__EXERCISE DESCRIPTION__. Return each record unchanged and drop the images.

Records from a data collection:
■ ■ ■ ■ ■ ■ ■
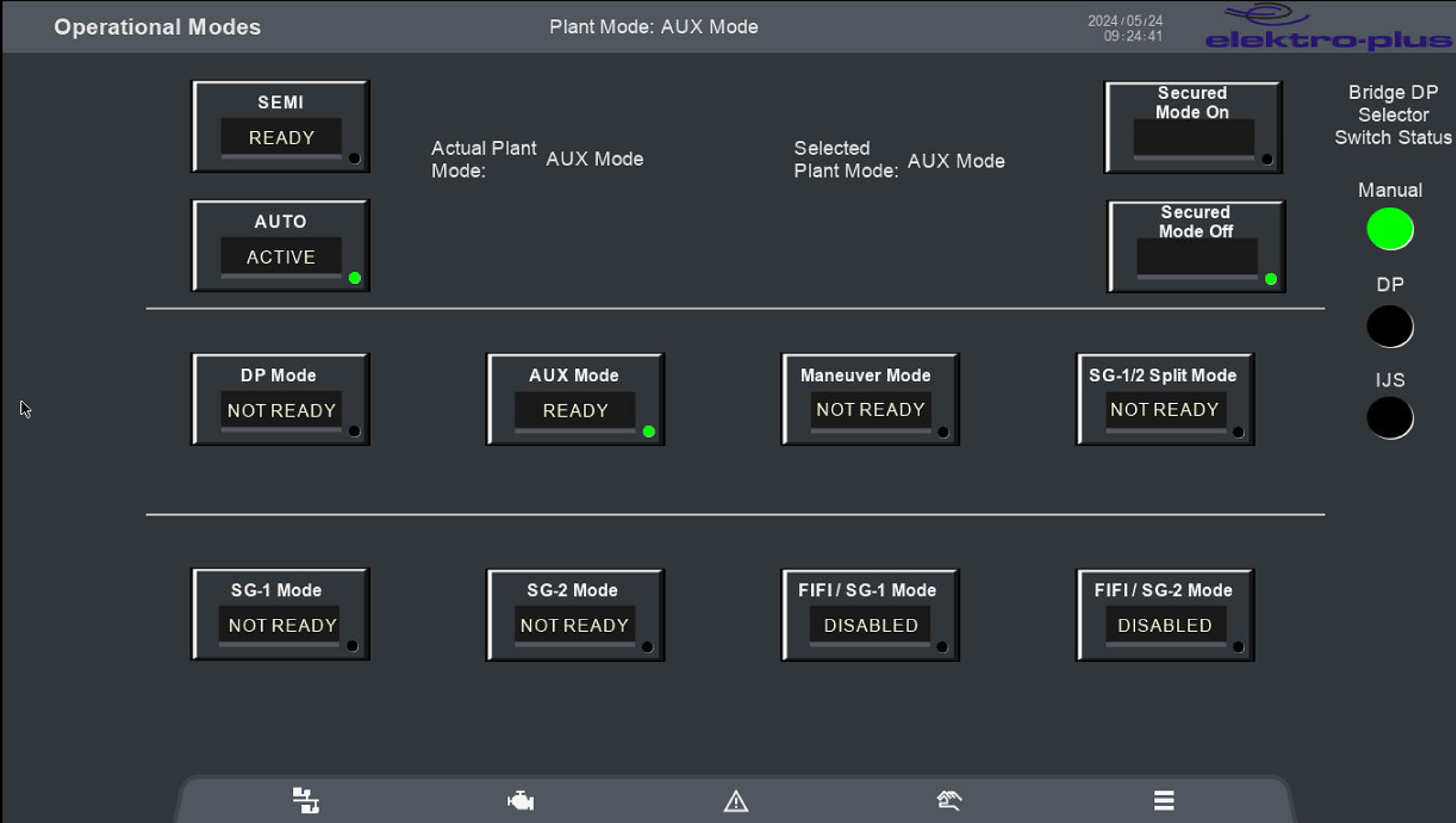 Gdy każde źródło energii zawarte w elektrowni okrętowej jest gotowe do pracy (nie ma żadnego aktywnego alarmu) dostępnych jest 8 trybów:
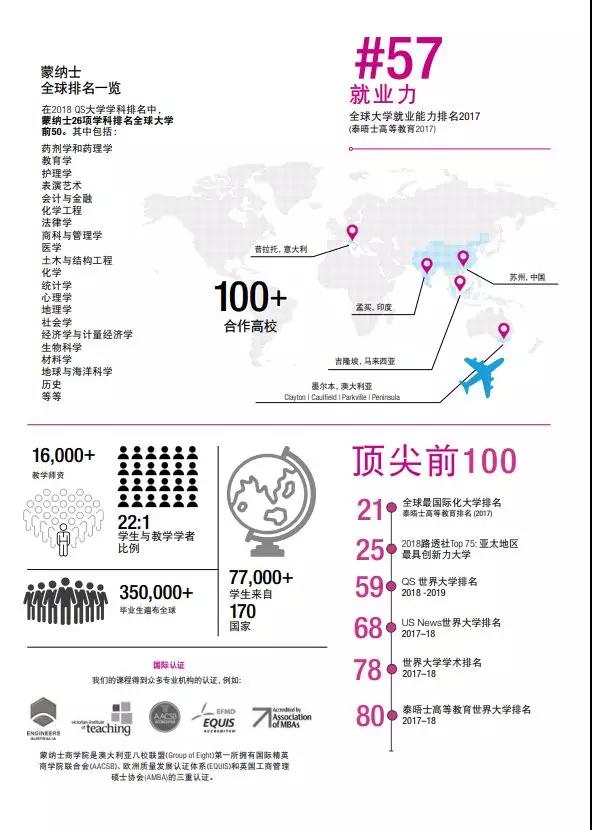 在最新发布的 2019QS世界大学综合排名中,蒙纳士大学位列 世界第 59名。 这所久负盛名的世界名校,一直保持着卓越的教学质量与科研成果, 多次被评为毕业生最受雇主青睐的澳大利亚大学之一。
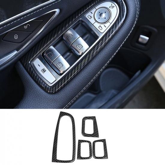 Carbon Fiber Window Lock Lift Panel Trim Frame 4X For -21 Mercedes-Benz GLC
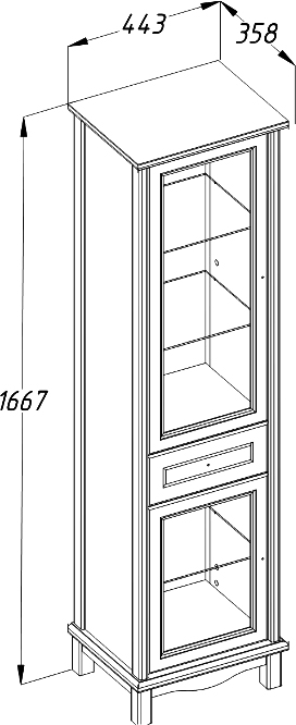 - Две распашные дверцы с узорчатыми матовыми стеклами и доводчиками для плавного и бесшумного закрывания.
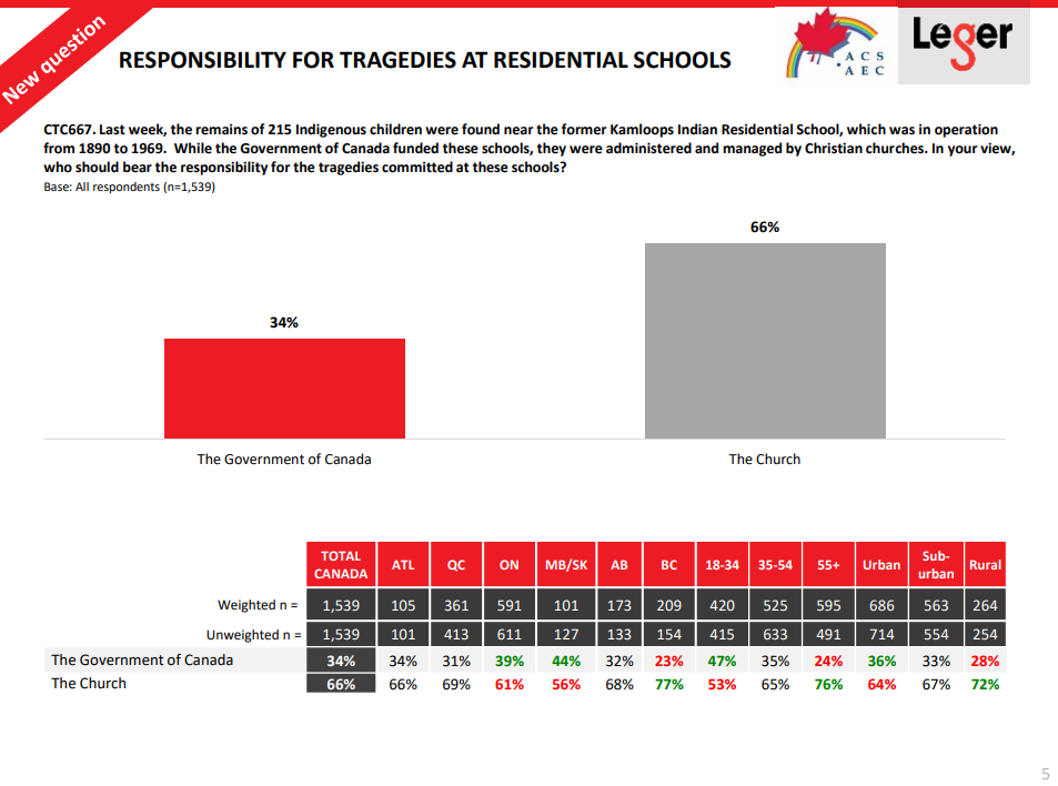 Leger调查公司就早先在温哥华坎卢普斯印第安寄宿学校(Kamloops Indian Residential School)发现的215具原住民儿童遗骸等诸多问题做了一项民调。
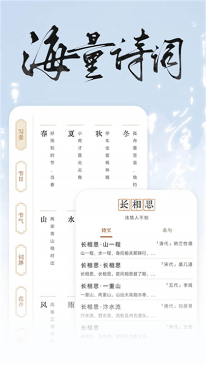 长相思古诗专为诗词爱好者精心打造的文化宝库,汇集了海量经典古诗与权威详解,带你穿越千年时光,感受中华诗词的独特魅力。长相思古诗app下载融合精美国画手绘和动态场景动画,让每一首古诗都如生动故事般鲜活呈现,诗意画境浸润心田,仿佛走进诗人笔下的风雅世界。无论是背诵、写作灵感、起名典故,还是节日祝福,长相思古诗手机版下载都能精准分类,满足你不同场景的诗词需求。长相思古诗安卓版下载有智能学习计划和科学记忆曲线加持,帮助你高效掌握诗词内容,轻松建立复习习惯,真正做到学而时习之。
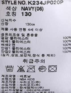 제품소재 [겉감]폴리에스터100% [배색1]폴리에스터100% [배색2]면100% [안감1]폴리에스터100% [안감2]폴리에스터100%
■ ■ ■ ■ ■ ■ ■
__SOLUTION BELOW__.
 Gdy każde źródło energii zawarte w elektrowni okrętowej jest gotowe do pracy (nie ma żadnego aktywnego alarmu) dostępnych jest 8 trybów:
 在最新发布的 2019QS世界大学综合排名中,蒙纳士大学位列 世界第 59名。 这所久负盛名的世界名校,一直保持着卓越的教学质量与科研成果, 多次被评为毕业生最受雇主青睐的澳大利亚大学之一。
 Carbon Fiber Window Lock Lift Panel Trim Frame 4X For -21 Mercedes-Benz GLC
 - Две распашные дверцы с узорчатыми матовыми стеклами и доводчиками для плавного и бесшумного закрывания.
 Leger调查公司就早先在温哥华坎卢普斯印第安寄宿学校(Kamloops Indian Residential School)发现的215具原住民儿童遗骸等诸多问题做了一项民调。
 长相思古诗专为诗词爱好者精心打造的文化宝库,汇集了海量经典古诗与权威详解,带你穿越千年时光,感受中华诗词的独特魅力。长相思古诗app下载融合精美国画手绘和动态场景动画,让每一首古诗都如生动故事般鲜活呈现,诗意画境浸润心田,仿佛走进诗人笔下的风雅世界。无论是背诵、写作灵感、起名典故,还是节日祝福,长相思古诗手机版下载都能精准分类,满足你不同场景的诗词需求。长相思古诗安卓版下载有智能学习计划和科学记忆曲线加持,帮助你高效掌握诗词内容,轻松建立复习习惯,真正做到学而时习之。
 제품소재 [겉감]폴리에스터100% [배색1]폴리에스터100% [배색2]면100% [안감1]폴리에스터100% [안감2]폴리에스터100%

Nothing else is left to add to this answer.